Plaintiff International owned and operated an assortment of newspapers and other related companies in a worldwide market. International's majority stockholder was Hollinger, Inc. ("Inc."), who owned 30.3% of the equity and 72.8% of the voting control of International. Inc., in turn is 70% owned by Ravelston, Co. ("Ravelston"), which was effectively controlled by defendant Black.
In May 2003, one of International's largest shareholders wrote to the board demanding an investigation into certain non-competition payments made to Black, F. David Radler (director, President and COO of International and Inc. and a Ravelston officer), Peter Atkinson (Executive VP and director of International and a Ravelston stockholder), and other International executives. These payments were received in connection with asset sales in 2000. The International board established a special committee to investigate the non-competition payments and soon discovered that the payments may have been made without approval of the International board or any of its independent directors, notwithstanding disclosures indicating that such approval had been obtained.
Facing trouble because of his receipt of these payments, Black entered into an agreement with International (the "Restructuring Proposal"). Pursuant to the Restructuring Proposal, Black agreed 1) to return the non-competition payments; 2) to cooperate with the SEC in investigations regarding the payments; and 3) to remain on the International board as Chairman and to devote his time and effort to the pursuit of a Strategic Process whereby International would be open to acquisition, sale of assets, or other transaction designed to benefit the interests of all of its stockholders ratably. As part of the Restructuring Proposal, Black also agreed not to cause Inc. to enter into any transactions that would negatively affect the Strategic Process.
Almost immediately after entering into the Restructuring Proposal, Black began negotiating with the Barclays for a sale of all of the outstanding stock of Inc. The Barclays were interested in purchasing one of International's assets, the Daily Telegraph, and initially approached Black to pursue such a transaction. Black had rebuffed their earlier expressions of interest, but once the Restructuring Proposal was in place, he invited negotiations. In the course of those negotiations, Black provided the Barclays with confidential information about International that was only available to Black because of his involvement in the Strategic Process.
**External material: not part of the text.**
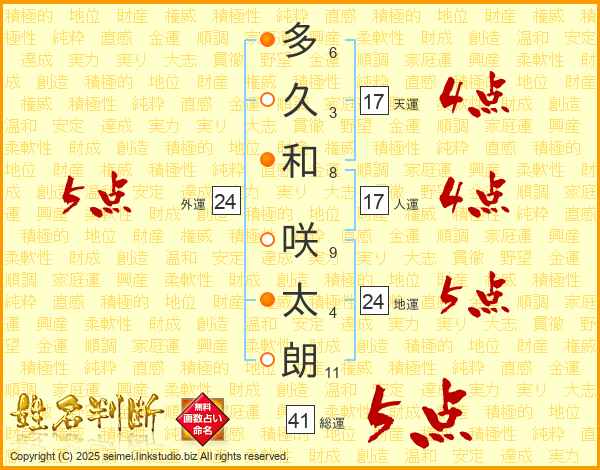 多久和咲太朗さんの総運は41画の5点!

When the International board caught wind of Black's activities, they undertook steps to implement a shareholder rights plan ("poison pill") to prevent a sale of control of International. The plan would be triggered by the sale of Inc. to a third party. Before the pill could be put in place, Black caused Inc. to execute written consents to amend International's bylaws and essentially strip the International board of authority to implement a pill and otherwise require 80% or unanimous consent of the board to engage in any business transaction or sale of assets.
The board, believing these bylaw amendments to be invalid, proceeded with implementation of the pill. Black announced the transaction with the Barclays that would give the Barclays a controlling interest in International. International then brought this suit.
The Court of Chancery first addressed the issue whether Black had violated his fiduciary duties as a controlling shareholder and director of International and whether he had violated the terms of the Restructuring Proposal. These findings were necessary, according to the Court, in order to determine whether the bylaw amendments had been equitably adopted.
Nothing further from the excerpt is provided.